In the words of Robert Hensel, “there is no greater disability in society than the inability to see a person as more”.
Malta’s first ministry dedicated to inclusion and social well-being strives to ensure that the potential and skills of persons with disability are maximised so that they can reach their ultimate life goals and dreams.
In ensuring that disability rights policy is not treated as mere social policy but, rather, equality policy, the government has embarked upon a reform agenda which will reach its culmination this year.
From a legislative point of view, after intense work with all stakeholders, the draft of the United Nations Convention on the Rights of Persons with Disabilities will be launched for public consultation.
This is an ambitious step that will make the substance of the convention directly enforceable in Maltese law, which is an approach far more ambitious than that adopted by other countries.
Concurrently, proper implementation structures based on best practice models will also be set up.
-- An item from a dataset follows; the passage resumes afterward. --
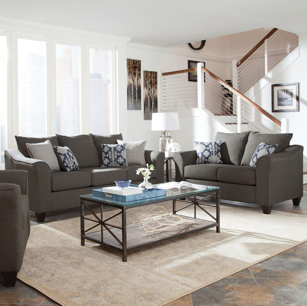 Timeless in design and rich in comfort, this sofa set unites coordinated silhouettes that balance form and function. Each piece features flared arms, foam cushions, and tailored upholstery that enhance a room’s sophistication while maintaining everyday comfort. Decorative accent pillows add texture and contrast, while the scaled design makes this set ideal for both cozy and contemporary living spaces.

This shall also set in motion amendments to the Equal Opportunities Act, which will also ensure that the relevant structures are in place for persons to be able to gain access to justice under the convention.
Also, the Commission for the Rights of Persons with Disability (CRPD) will be bolstered through the strengthening of its enforcement arm.
Following the government’s electoral manifesto pledge, this ministry shall also be launching Malta’s 2021-2030 National Disability Strategy, which shall further take into account local and international developments. This strategy shall also lead to a National Autism Strategy for the same period, something that has been worked on for some time.
To ensure the independence and empowerment of persons with disability, this ministry is also prioritising the Personal Autonomy Act.
This law will ensure that the will and preferences of persons with intellectual disabilities are respected through a system of supported co-decision-making.
Furthermore, linked legislation ensuring the protection of adults in situations of vulnerability will provide mechanisms to cut down on abusive practices where hate crimes are criminalised, prosecuted and sanctioned, thanks to amendments being introduced to the Criminal Code.
The provision of services has gone beyond offering a space where persons with a disability can go to a day centre to merely spend hours being taken care of- Julia Farrugia Portelli
The different meetings being held with various stakeholders working in the disability field is showing the ever-increasing need to ensure sustainable systems whereby independent living includes access to necessary structures and services. Community services offered by Aġenzija Sapport will be strengthened and intensive work is being undertaken to ensure better access to insurance for those persons with disabilities.
The provision of services has gone beyond offering a space where persons with a disability can go to a day centre to merely spend hours being taken care of.
The services have moved from providing care to helping skills develop through active support and facilitating self-advocacy and inclusion through individual support programmes set by a multidisciplinary team of professionals.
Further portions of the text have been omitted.